Exercise brief | Using the data that follows, return exactly the lines from the one that contains "Directors — and" through the one that contains "Tapetați o tavă", ends included.

Supplied material |
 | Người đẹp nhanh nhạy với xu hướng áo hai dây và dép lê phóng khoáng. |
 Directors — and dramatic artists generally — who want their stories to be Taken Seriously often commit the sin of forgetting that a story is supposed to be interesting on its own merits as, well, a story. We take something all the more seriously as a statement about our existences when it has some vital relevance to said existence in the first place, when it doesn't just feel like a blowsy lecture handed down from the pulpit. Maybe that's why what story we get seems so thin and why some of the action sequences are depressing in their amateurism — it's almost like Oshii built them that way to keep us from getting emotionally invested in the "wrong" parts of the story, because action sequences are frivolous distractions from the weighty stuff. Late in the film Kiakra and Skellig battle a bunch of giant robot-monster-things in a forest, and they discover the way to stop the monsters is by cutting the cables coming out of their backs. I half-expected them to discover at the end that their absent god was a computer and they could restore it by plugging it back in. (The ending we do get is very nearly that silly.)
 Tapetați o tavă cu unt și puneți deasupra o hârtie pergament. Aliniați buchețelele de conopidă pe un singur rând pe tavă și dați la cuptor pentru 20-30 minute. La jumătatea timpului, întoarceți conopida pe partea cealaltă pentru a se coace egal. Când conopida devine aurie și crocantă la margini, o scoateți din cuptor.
--
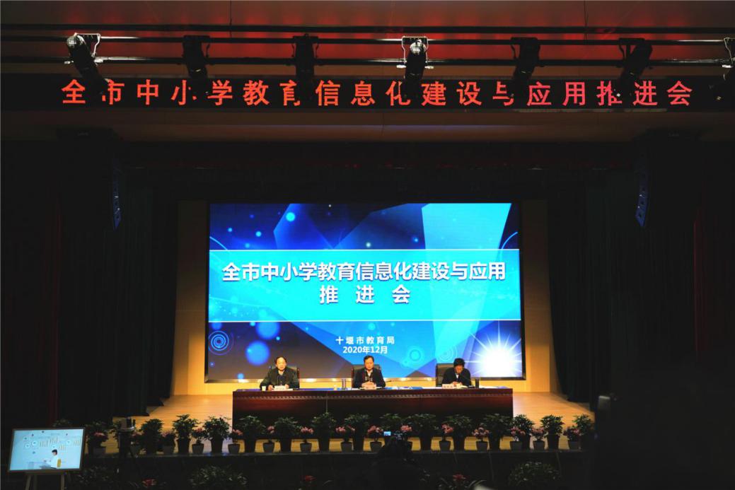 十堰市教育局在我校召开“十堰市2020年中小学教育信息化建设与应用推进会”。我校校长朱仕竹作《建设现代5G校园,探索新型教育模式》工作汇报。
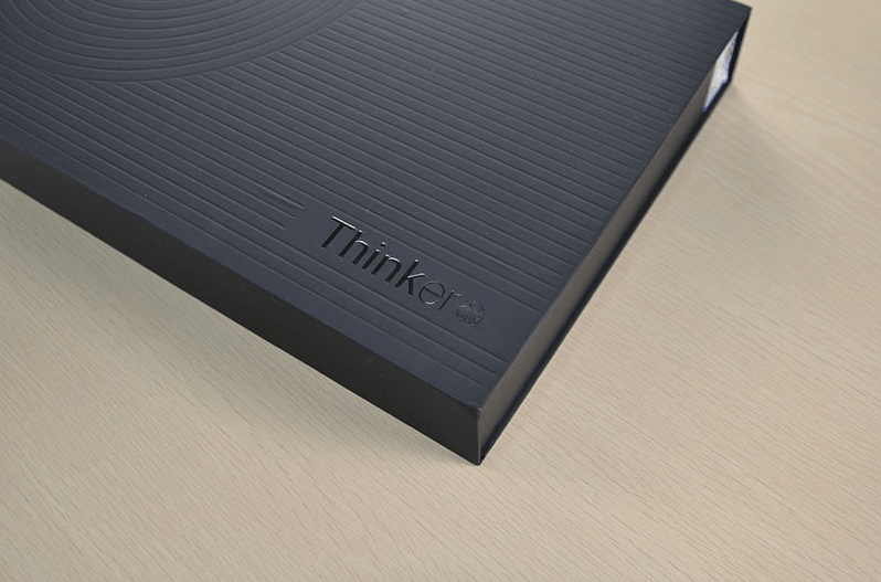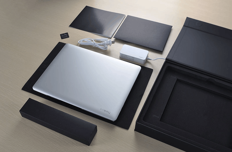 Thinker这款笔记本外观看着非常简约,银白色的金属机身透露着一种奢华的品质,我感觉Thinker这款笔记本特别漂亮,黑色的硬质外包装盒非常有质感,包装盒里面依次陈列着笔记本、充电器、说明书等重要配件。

Answer space |
 Directors — and dramatic artists generally — who want their stories to be Taken Seriously often commit the sin of forgetting that a story is supposed to be interesting on its own merits as, well, a story. We take something all the more seriously as a statement about our existences when it has some vital relevance to said existence in the first place, when it doesn't just feel like a blowsy lecture handed down from the pulpit. Maybe that's why what story we get seems so thin and why some of the action sequences are depressing in their amateurism — it's almost like Oshii built them that way to keep us from getting emotionally invested in the "wrong" parts of the story, because action sequences are frivolous distractions from the weighty stuff. Late in the film Kiakra and Skellig battle a bunch of giant robot-monster-things in a forest, and they discover the way to stop the monsters is by cutting the cables coming out of their backs. I half-expected them to discover at the end that their absent god was a computer and they could restore it by plugging it back in. (The ending we do get is very nearly that silly.)
 Tapetați o tavă cu unt și puneți deasupra o hârtie pergament. Aliniați buchețelele de conopidă pe un singur rând pe tavă și dați la cuptor pentru 20-30 minute. La jumătatea timpului, întoarceți conopida pe partea cealaltă pentru a se coace egal. Când conopida devine aurie și crocantă la margini, o scoateți din cuptor.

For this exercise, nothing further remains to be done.